Rust implementation of series.mapElements on a 1M int array takes 0.45 sec, slightly faster than JS (0.5s), but I would need to find a cleaver way to express all the possible combinations of Rust: Function<i32, i32> This is my Rust implementation for a i32 dtype:

#[napi(catch_unwind)]
pub fn map_elements(&self, lambda: Function<i32, i32>) -> JsSeries {
  let s1: Vec<i32> = self.series.i32().map(|v| v.iter().map(|x| 
             lambda.call(x.unwrap()))).unwrap().filter_map(Result::ok).collect();
  let ss = Series::new(self.series.name().clone(), s1);
  JsSeries::new(ss)
}

so primitive types will generally be much faster as they are backed by zero copy data types on the js side. complex and nested types however are not. I'd also want to see what the perf is when running on node.js.
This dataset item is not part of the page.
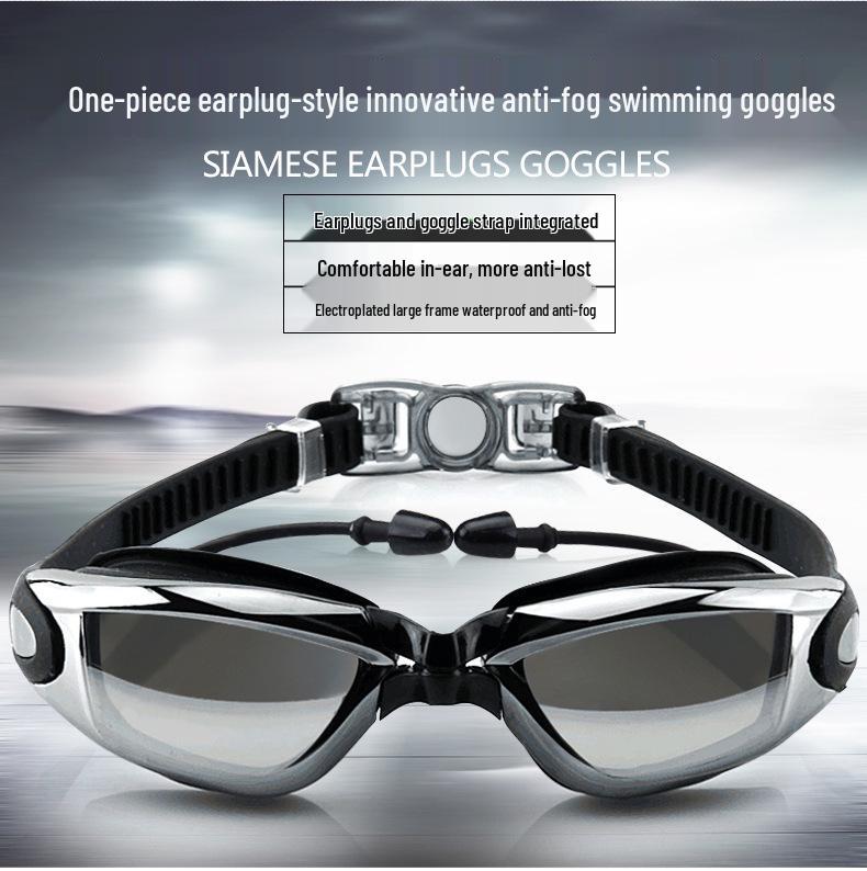 HD Waterproof Anti-Fog Swim Goggles with Large Electroplated Mirror Lens and Earplugs for Men and Women

Bun has a highly optimized napi implementation that's way faster than node.js. I'd suspect node.js to be magnitudes slower.
For a rust based map_elements, the best way would probably just to use AnyValue. Theres some minimal conversion cost but it should cover all combinations without writing specialized functions for every signature: Function<AnyValue, AnyValue>.

The same test example using NodeJs 25, runs in 0.4 sec. Bun will default to NodeJs without the --bun flag. When using bun run --bun ..., it completes in 0.292 sec.

This Rust implementation is actual slower vs JS by 20-40 ms on 1M int32 element series.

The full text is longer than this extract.